Fantastic Four is only a few weeks from its release (at the time of writing this), so 20th Century Fox promoted it as best as the studio could at the recently-complete 2015 International Comic-Con. At yesterday’s Hall H panel for Fox, director Josh Trank, co-writer Simon Kinberg and the core cast of the movie were on-hand to debut a final trailer – one that supposedly gives a better look at Doom (as of right now, the F4 Comic-Con trailer has yet to arrive online).
The cast did discuss elements of the film that had not previously been revealed, at SDCC 2015. For instance, Toby Kebbell, who plays Victor Domashev/Doom in the film, called his character the “best villain of all time in any comic book ever” while also describing the motivations behind his actions. According to Kebbell, the drive to be the best is what ultimately brings him to want to take down those who stand in his way, including Reed Richards (Miles Teller) and the rest of the Fantastic Four.

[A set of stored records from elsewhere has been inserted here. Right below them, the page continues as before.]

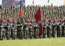 The military of Afghanistan is under the Ministry of Defense, which includes the Afghan National Army (ANA) and the Afghan Air Force (AAF). It currently has about 200,000 active soldiers and is expected to reach 260,000 in the coming years. They are trained and equipped by NATO countries, mainly by the United States Department of Defense. The ANA is divided into 7 major Corps, with the 201st Selab ("Flood") in Kabul followed by the 203rd in Gardez, 205th Atul ("Hero") in Kandahar, 207th in Herat, 209th in Mazar-i-Sharif and the 215th in Lashkar Gah. The ANA also has a commando brigade which was established in 2007. The National Military Academy of Afghanistan serves as the main educational institute for the militarymen of the country. A new $200 million Afghan Defense University (ADU) is under construction near the capital.
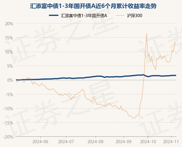 证券之星消息,11月7日,汇添富中债1-3年国开债A最新单位净值为1.0249元,累计净值为1.1791元,较前一交易日上涨0.06%。历史数据显示该基金近1个月上涨0.3%,近3个月上涨0.28%,近6个月上涨1.62%,近1年上涨3.88%。该基金近6个月的累计收益率走势如下图:
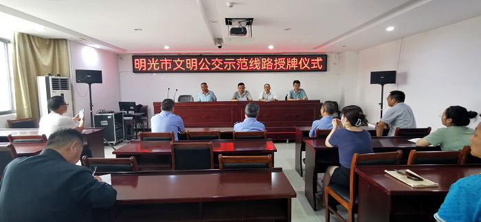 明光城市公交通過為期半年的謀劃、運(yùn)作、考核,層層篩選,于2022年9月中旬順利完成文明公交示范線路的評選、評定工作。 9月13日明光城市公交在明光市交通運(yùn)輸局領(lǐng)導(dǎo)的指導(dǎo)下,在明光汽車站三樓會議室,舉行“文明公交示范線路”授牌儀式,授予明光城市公交3路公交線路為“文明公交示范線路”,并頒發(fā)了示范線路標(biāo)志牌,極大的鼓舞了公交駕駛員的工作熱情,增強(qiáng)了公交駕駛員服務(wù)意識,提升了公交駕駛員服務(wù)水平,為助力明光創(chuàng)建全國文明城市做出了積極的貢獻(xiàn)。
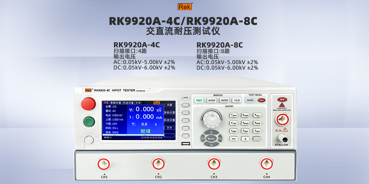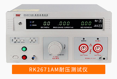 家用電器的耐要求并不高,5kV就能滿足絕大多數家用電器的耐壓測試需求,RK2670AM、RK2671AM/BM/CMRK2671DM是大電流型(交直流10KV,電流100ma),RK2672AM/BM/CM/DM/E/EM、RK2674A/B/C/-50/-100等型號的耐壓測試儀。其中RK267是手動調節,RK71、RK99系列可實現自動化,通訊功能
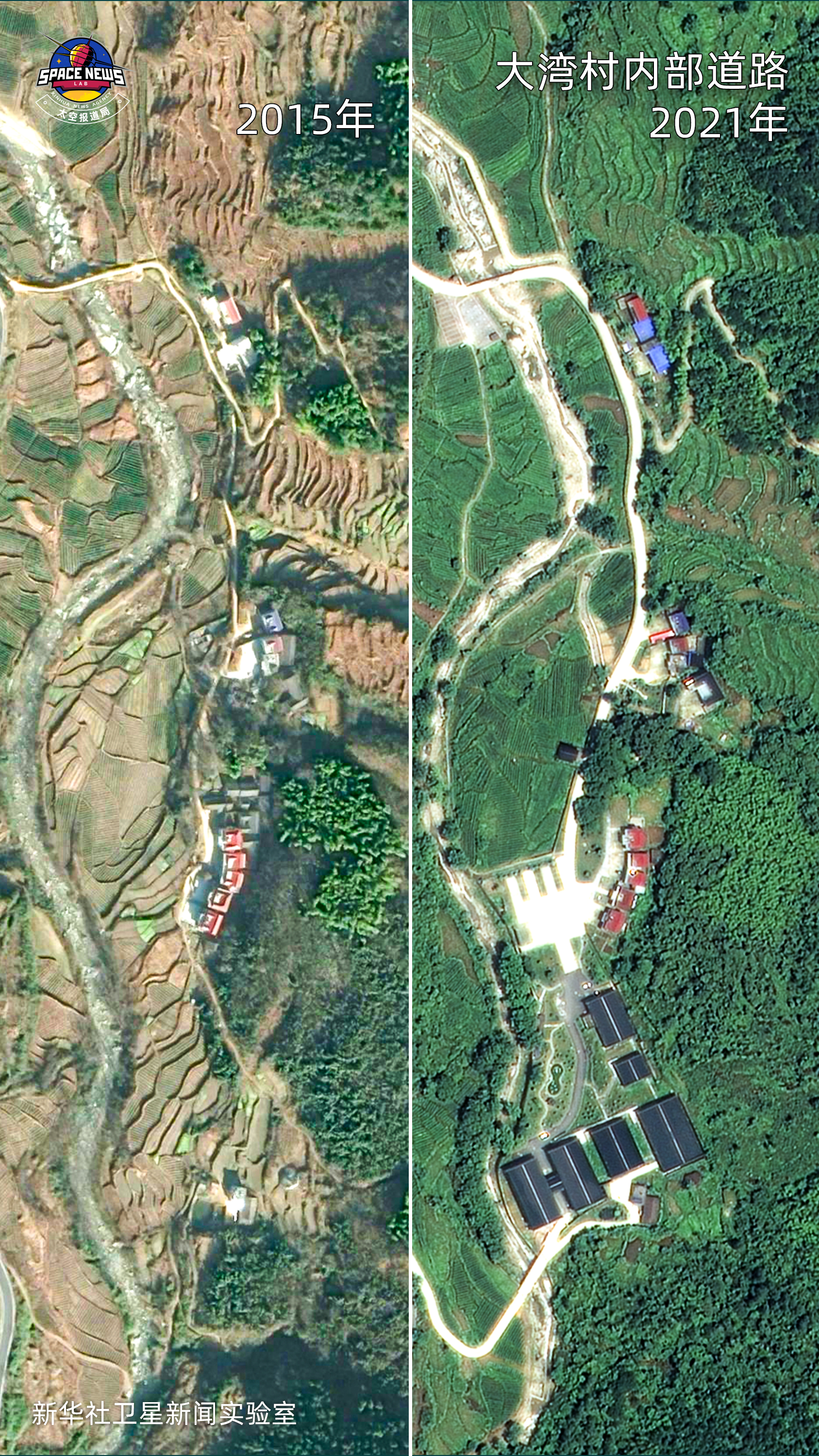 衛(wèi)星見證了易地扶貧搬遷新居“從無到有”。大灣村共建設(shè)4個(gè)易地扶貧搬遷新居點(diǎn),搬遷群眾129戶439人。
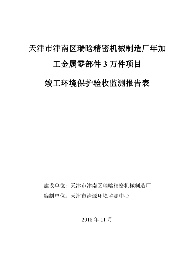 关于天津市津南区瑞晗精密机械制造厂年加工金属零部件3万件项目竣工环境保护验收监测报告表的公示
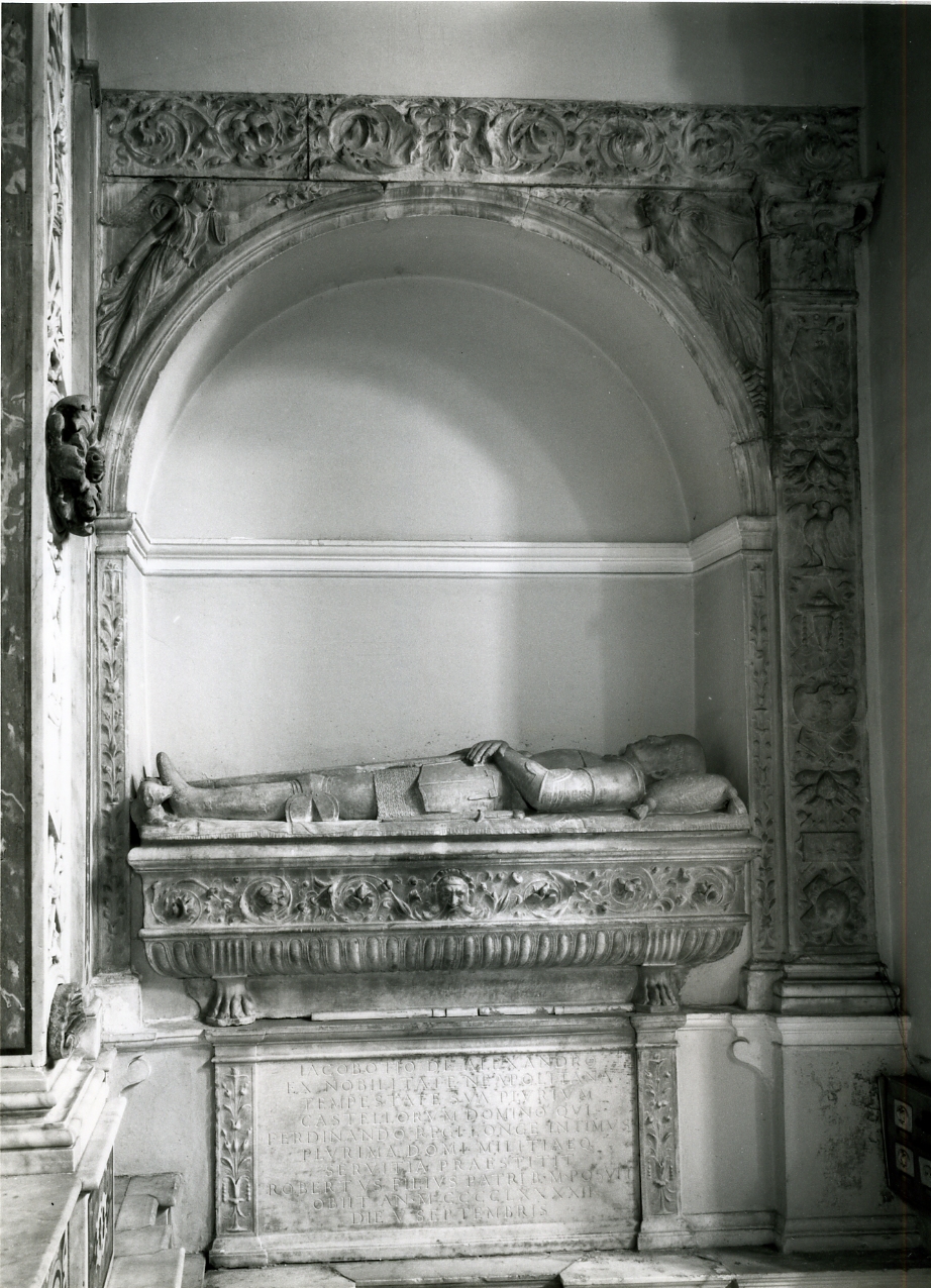 - ISCRIZIONI IACOBOTIO DE ALEXANDRO/ EX NOBILITATE NEAPOLITANA/ TEMPESTA SUA PLURIUM/ CASTELLORUM DOMINO QUI/ FERDINANDO REGI LONGE INTIMUS/ PLURIMA DOMI MILITIAEQUE/ SERVITIA PRAESTITIT/ ROBERTUS FILIUS PATRI D.M. POSUIT/ OBIIT AN. MCCCLXXXII/ DIE V SEPTEMBRIS - latino

Now some more information has emerged on Doom’s role in the movie, including the character’s origin (or the lack thereof). In an interview with SuperHeroHype, Kebbell revealed that Doom’s origin is not fully explored in the final cut of the Fantastic Four reboot, despite the rumors that have persisted otherwise before. To quote:
There’s no conversation about [Doom’s origins] in the film. We don’t have time to talk about me – I would love it, but we don’t have real time.
So it seems Doom’s origin won’t be in Fantastic Four after all. Previously, the film received quite a bit of backlash after Kebbell himself commented on the origins of his version of the character, describing him as a “[v]ery anti-social programmer” who uses “Doom” as his handle on blogging sites. But now it appears the movie has ditched that concept completely, at least based on Kebbell’s recent comments.

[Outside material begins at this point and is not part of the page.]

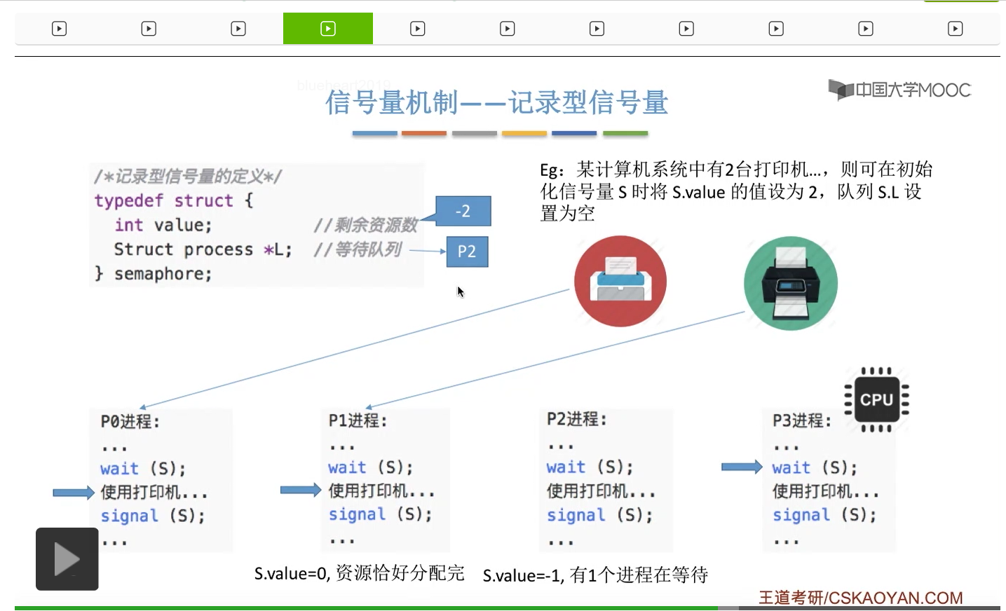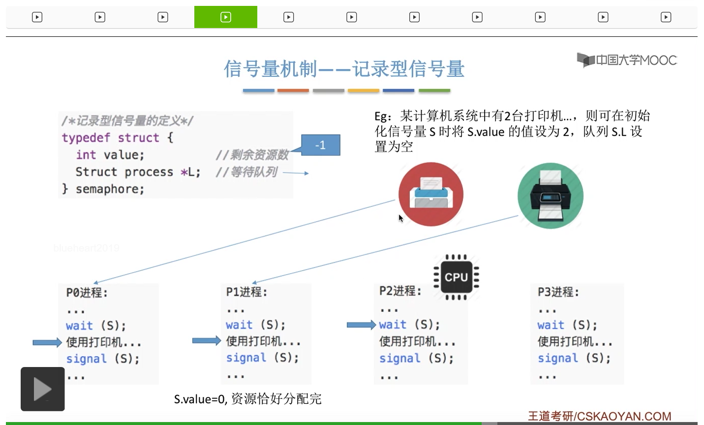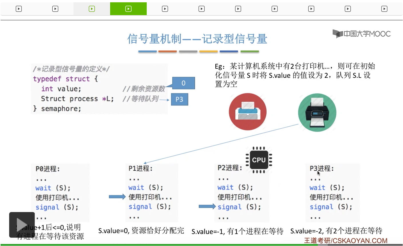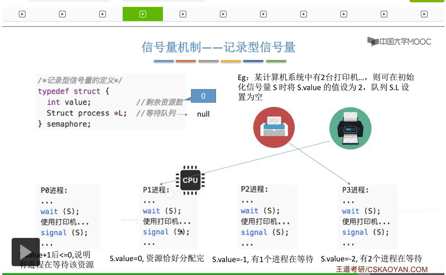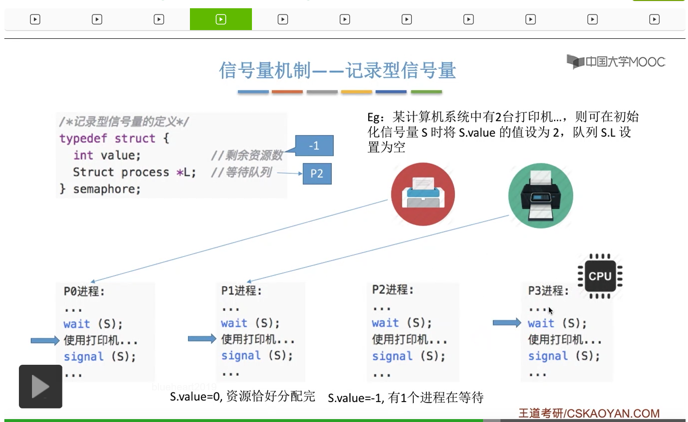 只要我们用semaphore这个关键字来开头的话,那么就意味着这个信号量它并不是整型信号量,它是一个记录型的信号量,也就是说这个信号量是带有排队阻塞的这个功能的,并不会忙等。

Kebbell went onto explain the new take on his version of Doom in Fantastic Four, promising those who are fans of the original character will not be disappointed:
Yeah, he’s still from the same place, his mother is still a gypsy and done her deals, his father still perished from exposure looking after me. He’s angry. He’s an angry dude. But now he’s in Baxter. He’s bright and he’s trying to make people proud. He found a new father in Dr. Storm, the father of Johnny and adoptive father of Sue. I kind of get adopted as well, in a fantastic performance by Reg E. Cathey. And that’s Doom as we see him. He’s a computer technician, a computer scientist. There were rumors he was a hacker or something, but no. Victor Von Doom is who we hope he will be.
The funny thing about Kebbell’s comment on the “rumors” is that he was the one who started the frenzy. Nonetheless, if Doom’s past is explored in future installments of the franchise (permitting that the first film does well enough to call for a sequel), it will surely stick closer to the Doom most are familiar with rather than a complete reinvention of the character.
Of course, his origin will be tied in even closer with the Fantastic Four, causing his betrayal to be that much more impactful. Whether or not that amounts to being the Doom fans want to see remains to be seen, but at least we know Fox is making a clear effort to do justice by Doom.
Fantastic Four opens on August 7, 2015; Deadpool on February 12, 2016; X-Men: Apocalypse on May 27, 2016; Gambit on October 7, 2016; Wolverine 3 (not the official title) on March 3, 2017; Fantastic Four 2 on June 9, 2017; and some as-yet unspecified X-Men film on July 13, 2018.